[fpc-devel] Recent added support for Observer pattern in FCL

michael.vancanneyt at wisa.be michael.vancanneyt at wisa.be
Tue Aug 28 09:50:44 CEST 2012



On Mon, 27 Aug 2012, Luiz Americo Pereira Camara wrote:

> Back in 2010, in the thread about observer support in fcl, i asked if the 
> actions would be customizable so i could, e.g., notify/observe if a child was 
> added or removed in a tree structure. The answer was yes.
>
> Looking at the recent added support, it limit the actions (called operations) 
> to 5 types
>
> TFPObservedOperation = (ooChanged,ooFree,ooAddItem,ooDeleteItem,ooCustom);
>
> I ask to change to a mechanism that could allow customizable operations (more 
> than one)

That is why you have ooCustom.

>
>
> I'm asking that because i have implemented a similar mechanism that support 
> operations like Load, ChildAdd, ChildDelete, ChildChange. I believe that more 
> developers are in the same situation,i.e., using observer pattern to an 
> action not handled by those 5 types. It would be helpful to use the native 
> implementation otherwise i will have to keep(re-implement) the observer 
> support over TPersistent.

That's why you have ooCustom and Data at your disposal.

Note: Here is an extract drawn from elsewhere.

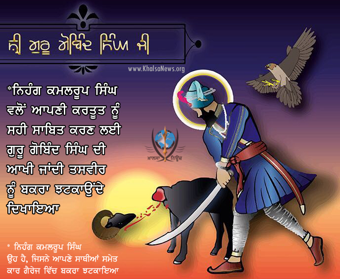 ਇੱਕ ਤਸਵੀਰ ਬਣਾਈ ਜਿਸ ਵਿੱਚ ਗੁਰੂ ਗੋਬਿੰਦ ਸਾਹਿਬ ਨੂੰ ਇੱਕ ਬਕਰਾ

I imagined 3 scenarios for this:

The first:

Procedure TmyObject.SomethingChanged;

Var
   Rec : TMyOperationInfo; // Contains custom information about your operation.

begin
   Rec.XYZ:=MoreInfo; // Set up as needed.
   FPONotifyObservers(Self,ooCustom, at Rec);
end;

Or, you can do

Procedure TmyObject.SomethingChanged;

Var
   Obj : TMyOperationInfo; // Contains custom information about your operation.

begin
   Obj:=TMyOperationInfo.Create(MyParams);
   try
     FPONotifyObservers(Self,ooCustom,Pointer(Obj));
   finally
     Obj.free;
   end;
end;


Procedure TmyObject.SomeThingChanged(APropName : String);

begin
   FPONotifyObservers(Self,ooCustom,GetPropInfo(Self,APropName));
end;


But I think the additional Create/Free may be heavy. That is why I decided
on a data pointer, not an object. It allows to use records as well as
objects.

The last scenario was for property change notifications:

Procedure TmyObject.SomeThingChanged(Const APropName : String);

begin
   FPONotifyObservers(Self,ooCustom,GetPropInfo(Self,APropName));
end;

This could be called from a property setter.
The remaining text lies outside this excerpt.